EPICS Controls Argonne National Laboratory

Experimental Physics and
Industrial Control System

1994  1995  <19961997  1998  1999  2000  2001  2002  2003  2004  2005  2006  2007  2008  2009  2010  2011  2012  2013  2014  2015  2016  2017  2018  2019  2020  2021  2022  2023  2024  Index 1994  1995  <19961997  1998  1999  2000  2001  2002  2003  2004  2005  2006  2007  2008  2009  2010  2011  2012  2013  2014  2015  2016  2017  2018  2019  2020  2021  2022  2023  2024 
<== Date ==> <== Thread ==>

Subject: EPICS database & channel access
From: [email protected]
To: [email protected]
Date: Tue, 17 Dec 96 13:46:54 -0500
I would like to start a discussion about possible improvements to ioc core.
These improvements should not be hard to implement, and will provide some
improvements in behavior.  I am certainly not as expert about EPICS internals
as some of you, so feel free to correct any mistakes in my description of
the problem and suggested improvements, but I'd invite you to also discuss
the spirit of the change more than the exact technical implementation
details (which can be left to the real guru's like Marty Kraimer).  I
have had preliminary discussions with Marty, so I know I'm not completely
off base.


Problem Statement
=================

1) Communication between 2 ioc's is unreliable and non-deterministic.

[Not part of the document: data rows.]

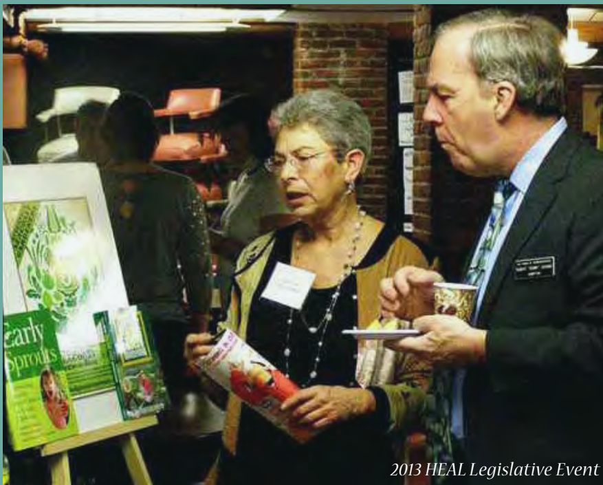
2013 HEAL Legislative Event

Upon reviewing several themes that emerged from the HEAL stakeholder interviews, partners representing multiple sectors worked together to define the next phase of HEAL in a broader context, reflective of the national movement toward policy, systems, and environmental change strategies. The partners concluded that a vision of “Healthy People Healthy Places” was needed for HEAL that included strategies at both the state and local levels. The result of this work is the 2014-2019 Healthy People Healthy Places Plan for New Hampshire.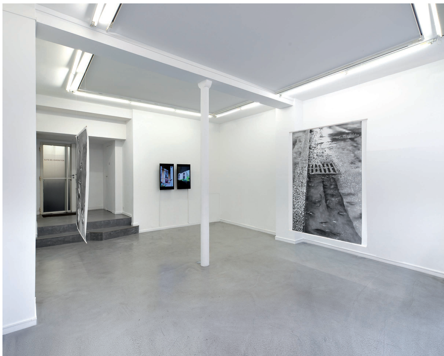
Exhibition view : Dias & Riedweg, CHEZ-SOI ET D'AUTRES LIEUX DE FICTION , 2023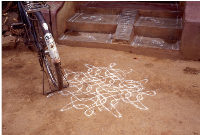
Tamil threshold designs are not considered precious and everyday activities are carried out without concern for preserving the designs. In fact they are drawn to be erased by the community's everyday activities. The photo shows a bicycle parked on a traditional Tamil loop design drawn around a grid of dots in front of a residential dwelling.

The drawing of threshold designs is an ancient, pan-Indian practice with disparate regional design styles. It constitutes a daily, domestic, female routine in which the whole community participates: the women draw the designs twice-daily and the community witnesses their presence, but also erases the drawings as part of the ebb and flow of everyday activities (see image below). The designs' creation and deletion are everyday motions that are perfunctorily performed. The Tamil version of the practice is referred to as kolam , and will form the basis for this discussion. Tamil designs traditionally are abstract compositions created by looping continuous lines around a structure of grids that determine the design (see p. 87). The women think of the practice as housework rather than art. It has communal and ritual dimensions, and is located on the "other", invisible side of Santos's abyssal line as a cultural practice: even though the designs are in public view on the streets of the Tamil Nadu, they have, as the cultural anthropologist Stephen Huyler noted, along with other female decorative arts of India, "received almost no recognition" (HUYLER, 1994: 10)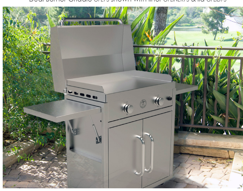
Dual Burner Griddle GFE75 shown with cart GFCART75 & lid GFLID75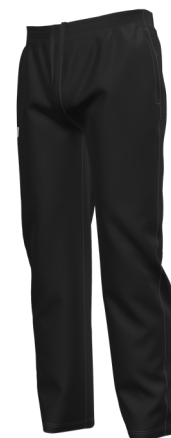
TBK Team Black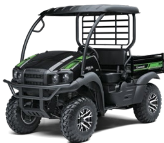
● Super Black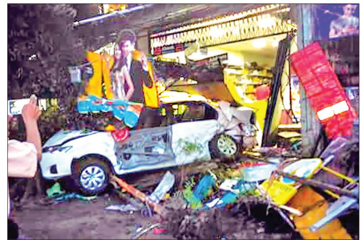
The car being seen damaged after the crash.

A BUS crash in Yangon’s Tamwe township on Saturday evening has seriously injured two people as police search for the driver who fled the scene.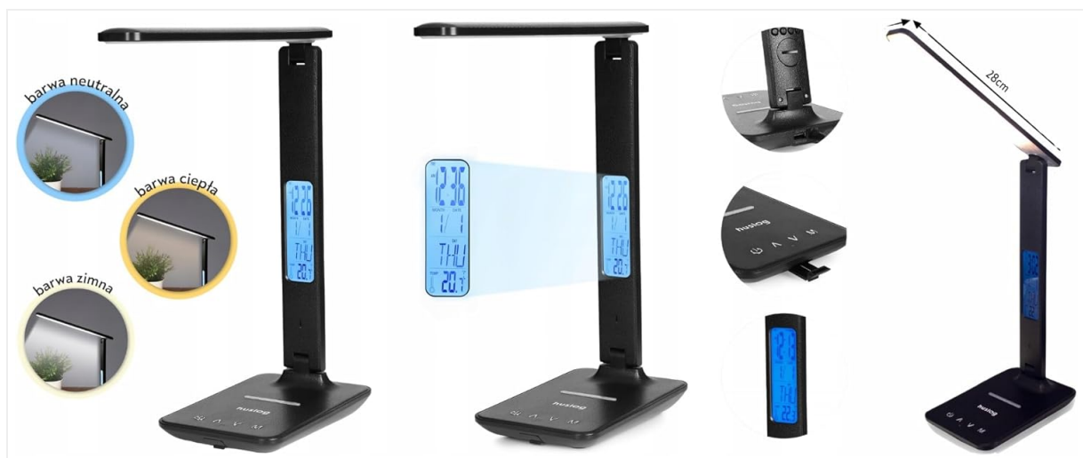
Figure 3: The lamp demonstrating its three light color modes (warm, neutral, cold) and the clear LCD display showing time, date, and temperature.

        There are 2 ways to transfer data between ioc's: push (ca_put style)
        and pull (monitor style).  Suppose the source signal transitions from
        0 to 1 and back again.  In the case of push, if the remote/sink ioc
        is temporarily busy, the 2nd put may occur before the record is
        processed, and so the 0->1 transition is never seen.  In the case
        of pull, if the source ioc is loaded, the monitor may be "dropped"
        (i.e. the channel access buffer is full and the data is discarded)

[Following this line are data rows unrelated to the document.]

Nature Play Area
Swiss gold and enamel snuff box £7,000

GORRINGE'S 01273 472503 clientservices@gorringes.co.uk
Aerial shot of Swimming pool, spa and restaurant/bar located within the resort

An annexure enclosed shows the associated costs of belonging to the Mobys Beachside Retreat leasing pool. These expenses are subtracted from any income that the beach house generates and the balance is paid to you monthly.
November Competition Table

        Summary: for database to database communication, there is 
        NO RELIABLE, GUARANTEED DELIVERY of data.

        (I know that there is a proposal to support process passive over
        channel access, which also addresses this problem)

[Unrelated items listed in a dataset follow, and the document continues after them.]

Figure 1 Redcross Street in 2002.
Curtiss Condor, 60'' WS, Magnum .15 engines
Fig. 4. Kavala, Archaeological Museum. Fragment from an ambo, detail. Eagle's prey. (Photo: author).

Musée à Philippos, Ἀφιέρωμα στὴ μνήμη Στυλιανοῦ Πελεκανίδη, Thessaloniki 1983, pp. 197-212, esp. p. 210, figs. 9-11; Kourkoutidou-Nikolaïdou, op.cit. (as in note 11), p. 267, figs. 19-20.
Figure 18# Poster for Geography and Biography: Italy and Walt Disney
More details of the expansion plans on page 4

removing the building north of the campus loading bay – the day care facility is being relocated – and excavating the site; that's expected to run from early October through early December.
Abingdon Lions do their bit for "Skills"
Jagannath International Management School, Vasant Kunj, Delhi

2) Channel access server consumes large amounts of memory.

        The design of epics core says that the channel access client 
        connection tasks run at a priority lower than all of the scan tasks.
        The rationale (as I understand it) is that epics is a real time
        system, and keeping operator displays up to date is lower priority
        than executing the control algorithm on the ioc.

        [ This rationale fails on 2 points: (1) control algorithms may span
        ioc's, and (2) if an operator can't reach the ioc, he must assume
        that the system is no longer under control and must crash it. This
        is the only reasonable operational approach.  The impact of not
        crashing our RF system is that we may trip the cold compressor and
        eventually release 10's of thousands of dollars of helium. ]

        Because of its low priority, the channel access server reserves
        considerable storage space to hold any outbound data occurring as
        as result of database processing (at higher priorities). This
        pre-allocation of memory is done to improve determinism in the
        record processing.  Nevertheless, under load the server discards
        data (see above).

3) Insufficient flexibility in setting priorities in algorithm design

        Database record processing is prioritized according to frequency.
        10 hz pre-empts 5 hz, etc.  In a system which may experience
        temporary loading phenomena, either due to IOEVENT scanning or
        non-epics task processing, less frequently processed records cease
        to process (hard edged scheduler in VxWorks).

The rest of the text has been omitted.